As for examples, I'm not sure if this is a good one, but at times I use this feature:

Suppose you are debugging using the GOAT debugger: print. And suppose after 10 print you've found the bug. Now your files have become:

void a() {
    cout << __LINE__ << endl;
    cout << __LINE__ << endl;
    cout << __LINE__ << endl;
}

void b() {
    cout << __LINE__ << endl;
    cout << __LINE__ << endl;
    cout << __LINE__ << endl;

    // .......
    // .......
    // .......
    bug_fix();
    // .......
    // .......
    // .......
    // .......
    cout << __LINE__ << endl;
    cout << __LINE__ << endl;
    cout << __LINE__ << endl;
}

Then you stage your bug fix, now git status has become:

unstaged:
   modified:
      + cout << __LINE__ ....
      + cout << __LINE__ ....
      + cout << __LINE__ ....
      + cout << __LINE__ ....


      + cout << __LINE__ ....
      + cout << __LINE__ ....
      + cout << __LINE__ ....



      + cout << __LINE__ ....
      + cout << __LINE__ ....
      + cout << __LINE__ ....

staged:
    modified:
      + bug_fix();

And now, you wanna compile with bug_fix but without prints, and at the same time you realize, these prints prove useful in your debugging session and you wanna preserve these lines for your future debugging sessions.
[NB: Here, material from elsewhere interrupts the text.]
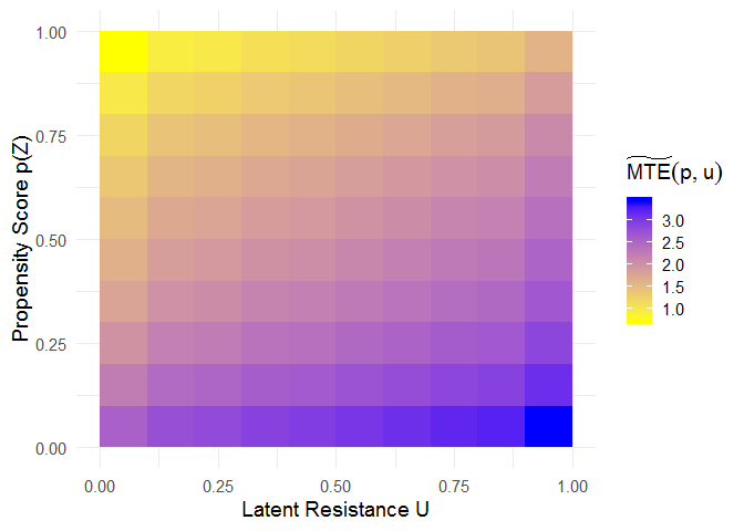The mte_tilde_at() function estimates the “MTE tilde”, i.e., the expected treatment effect conditional on the propensity score p and the latent resistance u. It reveals treatment effect heterogeneity as a function of both p and u.

So you hit stash worktree. This way, your bug fix is staged; prints are gone and preserved in your stashes for future usage. And you are ready to test one last time before committing your bug fix.

stash index would take some effort to come up with a good example. I have reasonable (subjectively speaking) use case sometime ago, but I wouldn't think of that a good example.